[[ Given data open ]]

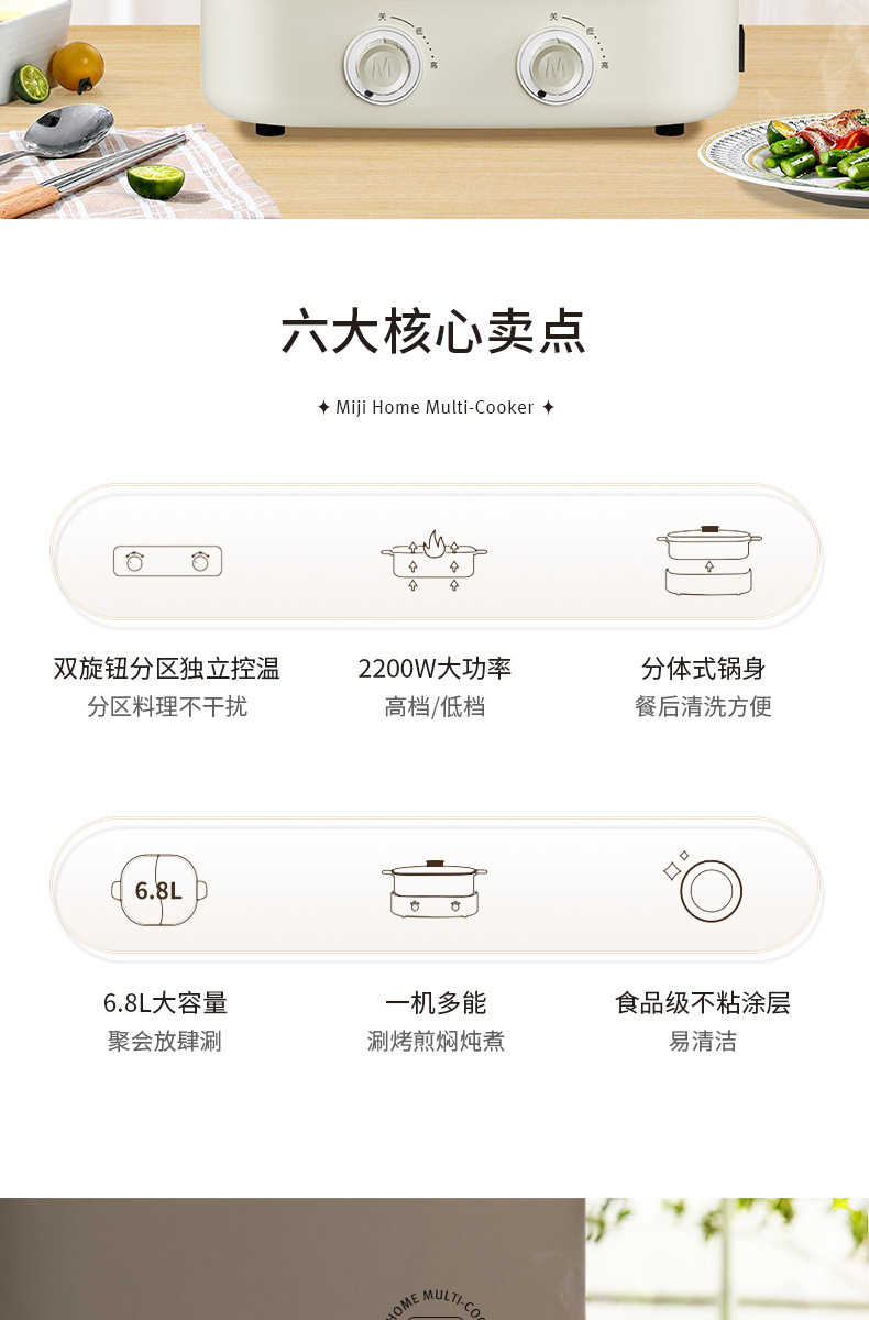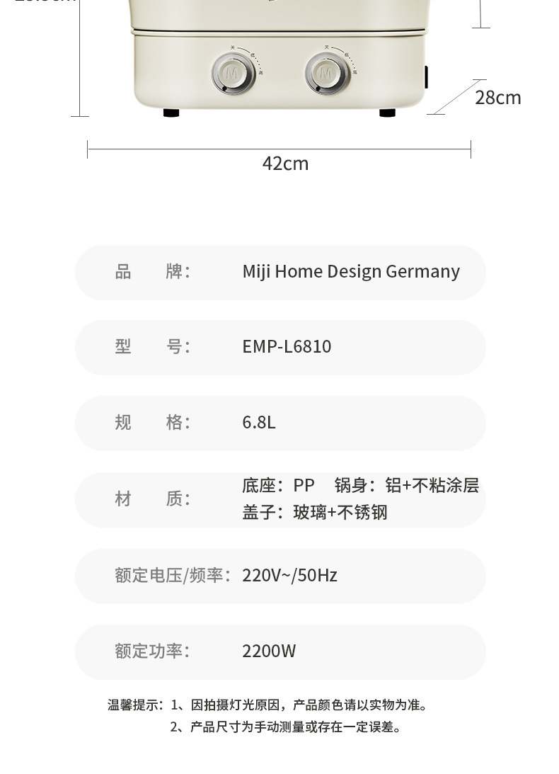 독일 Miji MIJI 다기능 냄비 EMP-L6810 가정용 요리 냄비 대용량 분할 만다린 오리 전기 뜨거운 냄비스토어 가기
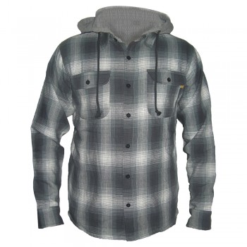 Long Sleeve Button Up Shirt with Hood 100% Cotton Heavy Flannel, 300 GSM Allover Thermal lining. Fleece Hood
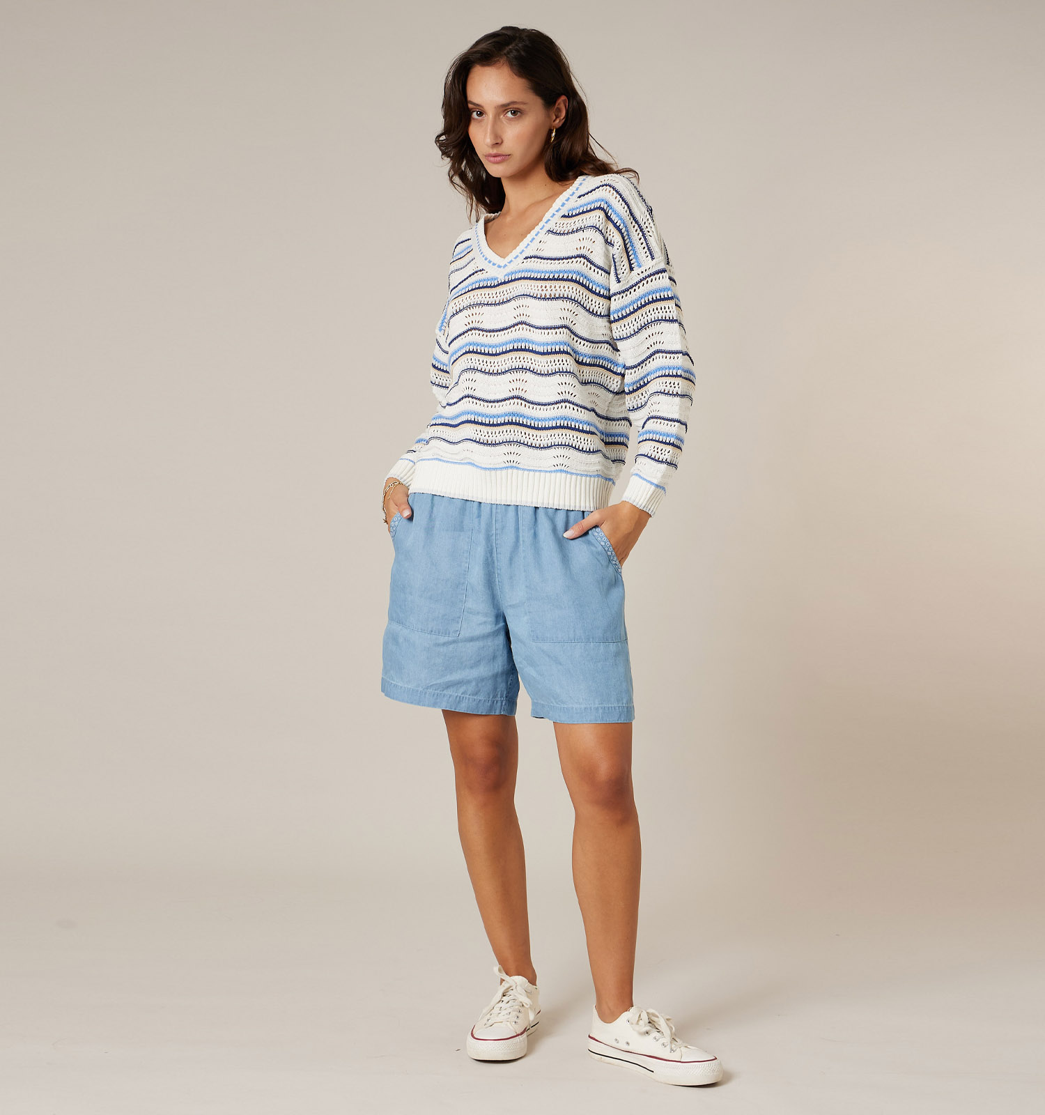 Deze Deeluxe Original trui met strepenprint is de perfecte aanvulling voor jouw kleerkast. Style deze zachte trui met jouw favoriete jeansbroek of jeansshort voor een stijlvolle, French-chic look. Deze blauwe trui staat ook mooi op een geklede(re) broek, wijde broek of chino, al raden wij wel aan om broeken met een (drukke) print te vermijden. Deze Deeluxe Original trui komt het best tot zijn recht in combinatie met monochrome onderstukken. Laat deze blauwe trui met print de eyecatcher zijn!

[[ Given data closed ]]

Description of the task » Your task is to repeat the listing exactly while omitting its pictures.

Response to this task »
 독일 Miji MIJI 다기능 냄비 EMP-L6810 가정용 요리 냄비 대용량 분할 만다린 오리 전기 뜨거운 냄비스토어 가기
 Long Sleeve Button Up Shirt with Hood 100% Cotton Heavy Flannel, 300 GSM Allover Thermal lining. Fleece Hood
 Deze Deeluxe Original trui met strepenprint is de perfecte aanvulling voor jouw kleerkast. Style deze zachte trui met jouw favoriete jeansbroek of jeansshort voor een stijlvolle, French-chic look. Deze blauwe trui staat ook mooi op een geklede(re) broek, wijde broek of chino, al raden wij wel aan om broeken met een (drukke) print te vermijden. Deze Deeluxe Original trui komt het best tot zijn recht in combinatie met monochrome onderstukken. Laat deze blauwe trui met print de eyecatcher zijn!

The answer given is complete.